'''

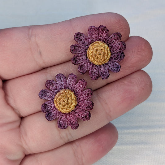 Purple Daisy Micro Crochet Earrings
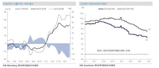 코스피 영업이익률 역시 지속적으로 하향 조정되는 중이다. 러시아-우크라이나 전쟁 발발 이후 에너지, 원자재 가격 상승 여파로 수출 가격 대비 수입 가격의 상승 속도가 더 빠르다. 원유 및 주요 원자재 가격 상승은 국내 제조업 기업의 원가를 높이기 때문에 영업이익률이 하향 조정되는 결과를 낳는다. 연초 예상과 달리 전쟁이 장기화함에 따라 높은 원자재 가격이 유지되면서 코스피의 영업이익률이 하향 조정되고 있다. 나정환 케이프투자증권 연구원은 "2분기 실적 발표를 전후로 코스피 실적이 하향 조정될 경우, 영업이익률도 추가적으로 하향 조정될 것"이라고 판단했다.
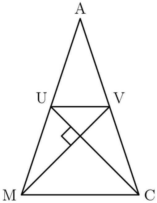 Triangle $A M C$ is isosceles with $A M=A C$. Medians $\overline{M V}$ and $\overline{C U}$ are perpendicular to each other, and $M V=C U=12$. What is the area of $\triangle A M C$ ?
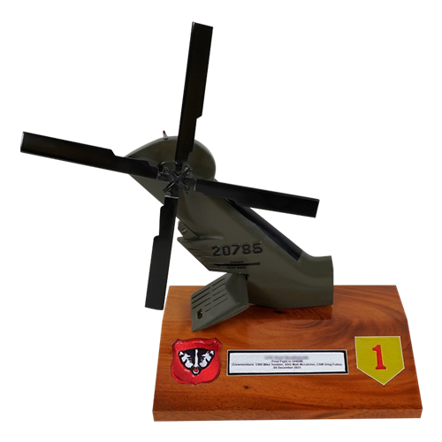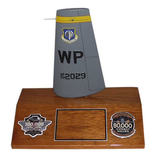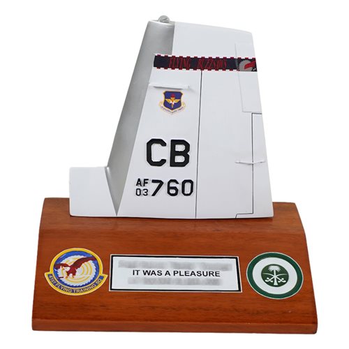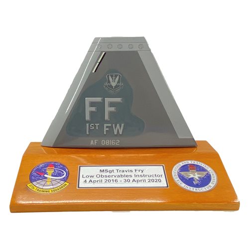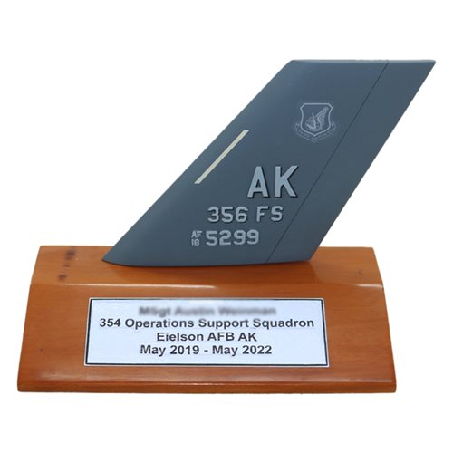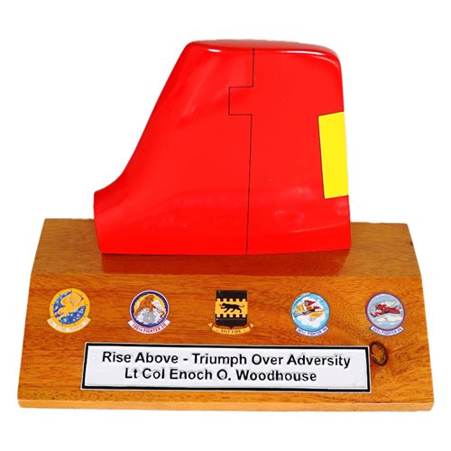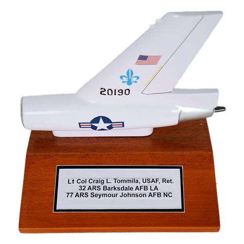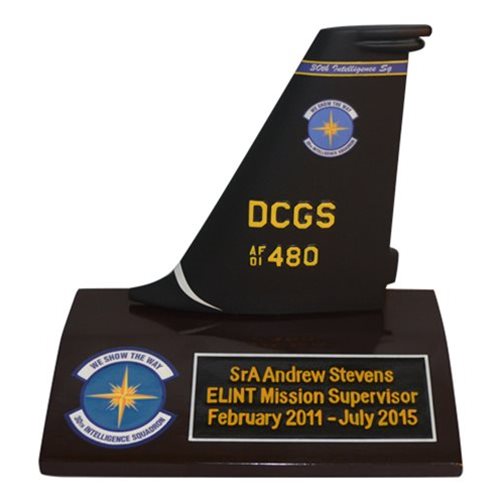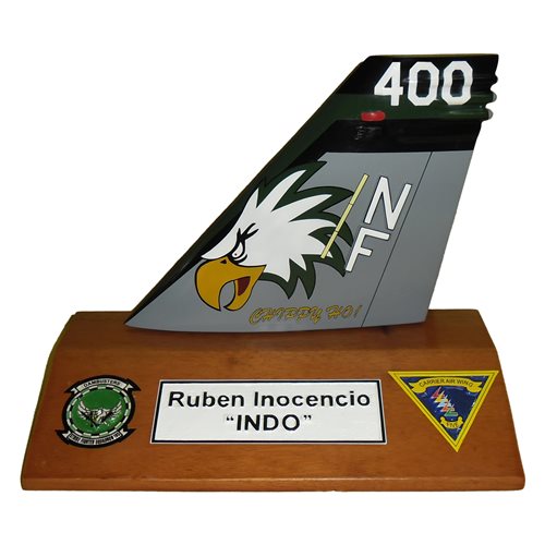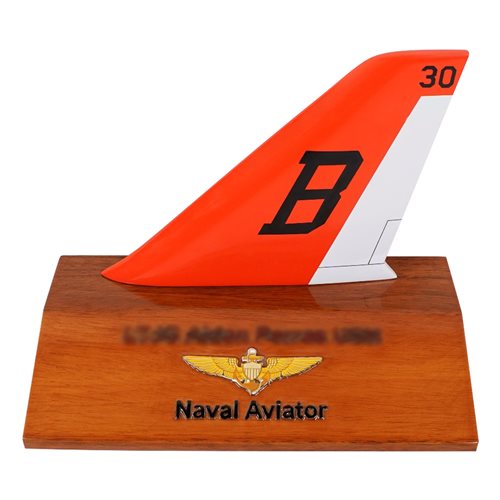 Your custom 6" tall, one-sided aircraft tail flash on a wooden base with any squadron markings and your choice of tail number.
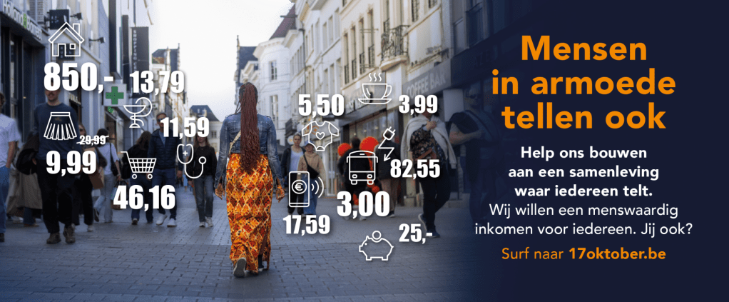 In de aanloop naar de Werelddag van Verzet tegen Armoede op 17 oktober voeren het Netwerk tegen Armoede en de lokale armoedeverenigingen actie voor het recht op menswaardig inkomen. Mensen in armoede moeten niet alleen constant tellen. Ze zijn vaak bezig met óverleven, door een gebrek aan middelen maar ook vaak door sociale uitsluiting. Wij pleiten voor een inkomen boven de armoedegrens voor iedereen om een menswaardig leven te kunnen leiden. De rechten van mensen in armoede en de sociale zekerheid staan onder druk. Daarom laten we de stem van mensen in armoede horen. Mensen in armoede tellen ook! We hebben samen met mensen in armoede enkele aanbevelingen uitgewerkt waarmee we lokaal kunnen werken aan een menswaardig inkomen.
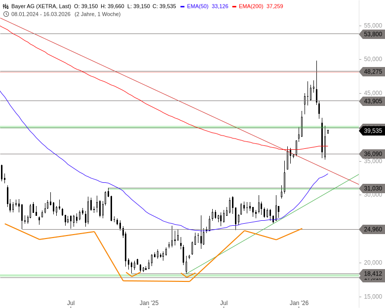 Allerdings hat sich schon nach meiner letzten Analyse gezeigt, wie wichtig das Timing bei den Anteilen von Bayer aktuell ist und wie wenig man sich derzeit auf Kaufsignale verlassen kann: Die damals gelungene Ausbruchsbewegung wurde trotz des vorherigen Aufwärtstrends und der Nachricht, dass ein Sammelvergleich beim Rechtsstreit um Roundup geschlossen werden konnte, sofort wieder abverkauft. Der spätere Bruch der Unterstützung bei 43,20 EUR bildete gleichzeitig den Auftakt für die seither laufende Pullbackbewegung an die gebrochene mittelfristige Abwärtstrendlinie. Ausgehend von einem Zwischentief bei 35,20 EUR versucht man seit letzter Woche, die Aktie wieder zu stabilisieren. Eine positive Reaktion auf die heutige Analysteneinschätzung könnte dem Kurs weiteren Auftrieb geben.
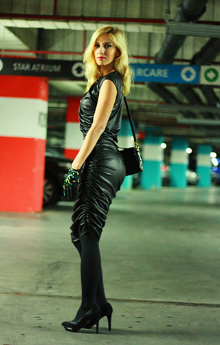 "Ieri seară am fost invitată la un eveniment care avea dress code 'James Bond Style'. Am ales o rochie neagră de piele, pantofii cu toc înalt şi, fireşte, mănuşi. Pentru o astfel de temă, se cerea şi o sedinţă foto specială pentru blog. Locaţia perfectă şi la îndemână a fost chiar parcarea Mall Băneasa. Imi plac pozele, au o atmosferă filmică. Nu-i aşa?"
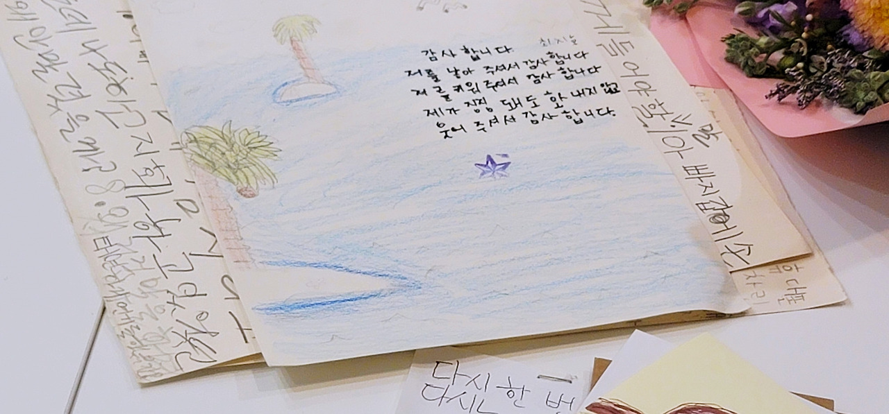 언니는 내 손가락을 이끈 프로필 사진 속 모습처럼 다정한 미소와 눈빛으로 우리를 맞이했다. 준비해 간 꽃다발과 엽서를 건네주었다. 감동하는 언니의 모습에 벌써 허벌눈물샘이 꿈틀댔다. 이를 악물었다. 인터뷰 시작 전부터 언니한테 꼴사나운 모습을 보여줄 순 없어...!

'''

**PROBLEM TO WORK ON:**
Write the records out again exactly as shown above, keeping no pictures.

**THE COMPLETED TASK:**
 Purple Daisy Micro Crochet Earrings
 코스피 영업이익률 역시 지속적으로 하향 조정되는 중이다. 러시아-우크라이나 전쟁 발발 이후 에너지, 원자재 가격 상승 여파로 수출 가격 대비 수입 가격의 상승 속도가 더 빠르다. 원유 및 주요 원자재 가격 상승은 국내 제조업 기업의 원가를 높이기 때문에 영업이익률이 하향 조정되는 결과를 낳는다. 연초 예상과 달리 전쟁이 장기화함에 따라 높은 원자재 가격이 유지되면서 코스피의 영업이익률이 하향 조정되고 있다. 나정환 케이프투자증권 연구원은 "2분기 실적 발표를 전후로 코스피 실적이 하향 조정될 경우, 영업이익률도 추가적으로 하향 조정될 것"이라고 판단했다.
 Triangle $A M C$ is isosceles with $A M=A C$. Medians $\overline{M V}$ and $\overline{C U}$ are perpendicular to each other, and $M V=C U=12$. What is the area of $\triangle A M C$ ?
 Your custom 6" tall, one-sided aircraft tail flash on a wooden base with any squadron markings and your choice of tail number.
 In de aanloop naar de Werelddag van Verzet tegen Armoede op 17 oktober voeren het Netwerk tegen Armoede en de lokale armoedeverenigingen actie voor het recht op menswaardig inkomen. Mensen in armoede moeten niet alleen constant tellen. Ze zijn vaak bezig met óverleven, door een gebrek aan middelen maar ook vaak door sociale uitsluiting. Wij pleiten voor een inkomen boven de armoedegrens voor iedereen om een menswaardig leven te kunnen leiden. De rechten van mensen in armoede en de sociale zekerheid staan onder druk. Daarom laten we de stem van mensen in armoede horen. Mensen in armoede tellen ook! We hebben samen met mensen in armoede enkele aanbevelingen uitgewerkt waarmee we lokaal kunnen werken aan een menswaardig inkomen.
 Allerdings hat sich schon nach meiner letzten Analyse gezeigt, wie wichtig das Timing bei den Anteilen von Bayer aktuell ist und wie wenig man sich derzeit auf Kaufsignale verlassen kann: Die damals gelungene Ausbruchsbewegung wurde trotz des vorherigen Aufwärtstrends und der Nachricht, dass ein Sammelvergleich beim Rechtsstreit um Roundup geschlossen werden konnte, sofort wieder abverkauft. Der spätere Bruch der Unterstützung bei 43,20 EUR bildete gleichzeitig den Auftakt für die seither laufende Pullbackbewegung an die gebrochene mittelfristige Abwärtstrendlinie. Ausgehend von einem Zwischentief bei 35,20 EUR versucht man seit letzter Woche, die Aktie wieder zu stabilisieren. Eine positive Reaktion auf die heutige Analysteneinschätzung könnte dem Kurs weiteren Auftrieb geben.
 "Ieri seară am fost invitată la un eveniment care avea dress code 'James Bond Style'. Am ales o rochie neagră de piele, pantofii cu toc înalt şi, fireşte, mănuşi. Pentru o astfel de temă, se cerea şi o sedinţă foto specială pentru blog. Locaţia perfectă şi la îndemână a fost chiar parcarea Mall Băneasa. Imi plac pozele, au o atmosferă filmică. Nu-i aşa?"
 언니는 내 손가락을 이끈 프로필 사진 속 모습처럼 다정한 미소와 눈빛으로 우리를 맞이했다. 준비해 간 꽃다발과 엽서를 건네주었다. 감동하는 언니의 모습에 벌써 허벌눈물샘이 꿈틀댔다. 이를 악물었다. 인터뷰 시작 전부터 언니한테 꼴사나운 모습을 보여줄 순 없어...!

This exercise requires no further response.